Голубцов, Иван Александрович

Поделись знанием:
Перейти к: навигация, поиск
Иван Александрович Голубцов
Дата рождения:

8 (21) сентября 1887(1887-09-21)

Место рождения:

Сергиев Посад, Дмитровский уезд, Московская губерния

Дата смерти:

4 ноября 1966(1966-11-04) (79 лет)

Место смерти:

Москва

Страна:

Российская империя Российская империяСССР СССР

Научная сфера:

Отечественная история. Историческая география и картография. Архивоведение, археография, источниковедение.

Место работы:

Институт истории АН СССР

Альма-матер:

Московский университет

Ива́н Алекса́ндрович Голубцо́в (8 сентября 1887, Сергиев Посад — 4 ноября 1966, Москва) — русский советский историк, доктор исторических наук (1963), картограф.





Семья

Родился в семье специалиста в области церковной археологии и литургики Александра Петровича Голубцова и его жены Ольги Сергеевны, урождённой Смирновой, дочери ректора Московской духовной академии.
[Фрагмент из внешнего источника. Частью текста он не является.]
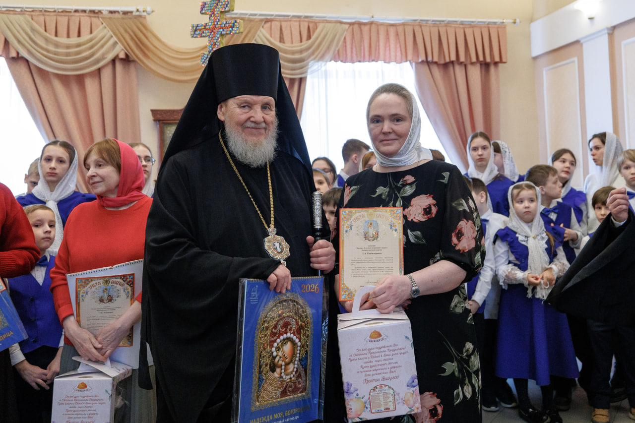 После праздничного концерта Его Преосвященство поздравил со Светлым Христовым Воскресением казначеев благочиний и вручил им грамоты в честь пятилетия епархии.
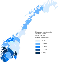 In the previous election, the Conservatives had their worst result since the Second World War, only obtaining 14.1% of the vote.[27] According to various opinion polls, most notably by Norstat, they had several weak showings from May to July 2009,[14] in what Verdens Gang described as the "summer nightmare". After this, In Fact, an opinion poll service, announced that the Conservatives had scored 15% in their poll.[28]
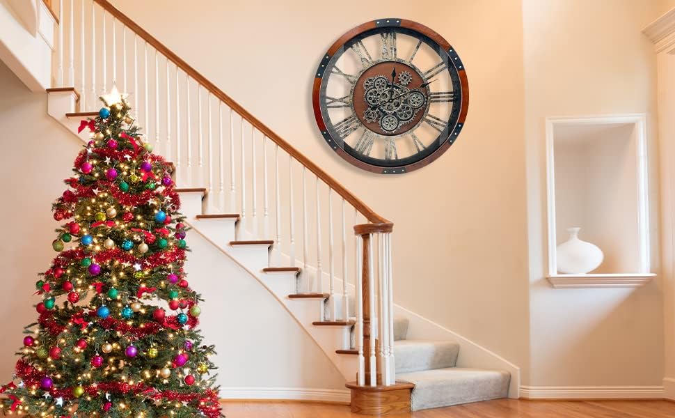 - Perfect Home Christmas Decoration, Great Gift: Whether moving into a new home or looking for a special Gift for friend or familier, this oversized farmhouse clock is a good choice, fits most dรฉcor whether country, rustic or modern farmhouse, vintage retro, shabby chic; Suitable for kitchen, dining, living room, foyer, hallway, anyroom. Also for bar, restaurant, coffee house, office, commercial, studio, anywhere
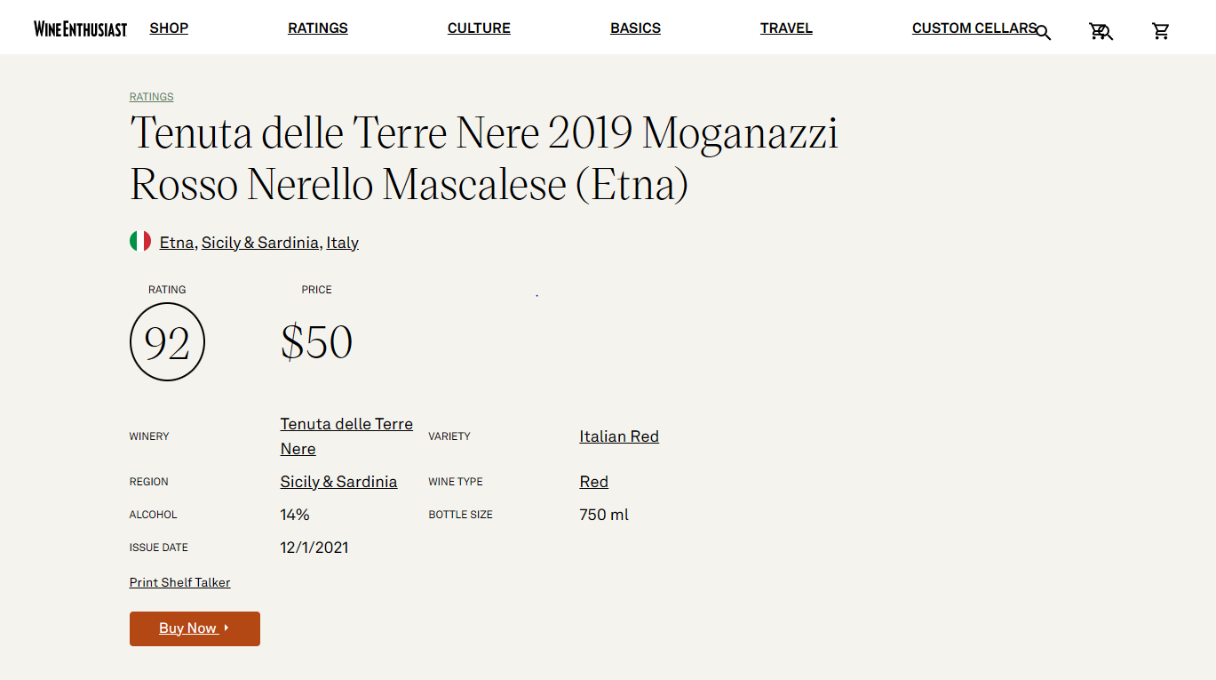 这份殊荣,便属于今日主角——来自意大利西西里亚岛火山埃特纳(Etna)的Tenuta Delle。

Был старшим сыном в семье, в которой ещё было девять детей, в том числе священники Николай и Серафим, а также Павел, постриженный в монашество и ставший затем архиепископом Сергием.

Жена — Татьяна Алексеевна, урождённая Смысловская, дочь генерала, архивист. Дети — Ольга и Елена.

Образование

Окончил Сергиево-Посадскую мужскую гимназию (1905; с золотой медалью), историко-филологический факультет Московского университета (1910; тема выпускной работы: «Повинности крепостных крестьян в великороссийских губерниях в первой половине XIX века»). Ученик В. О. Ключевского, Ю. В. Готье, М. М. Богословского. Был оставлен при университете для подготовки к профессорскому званию.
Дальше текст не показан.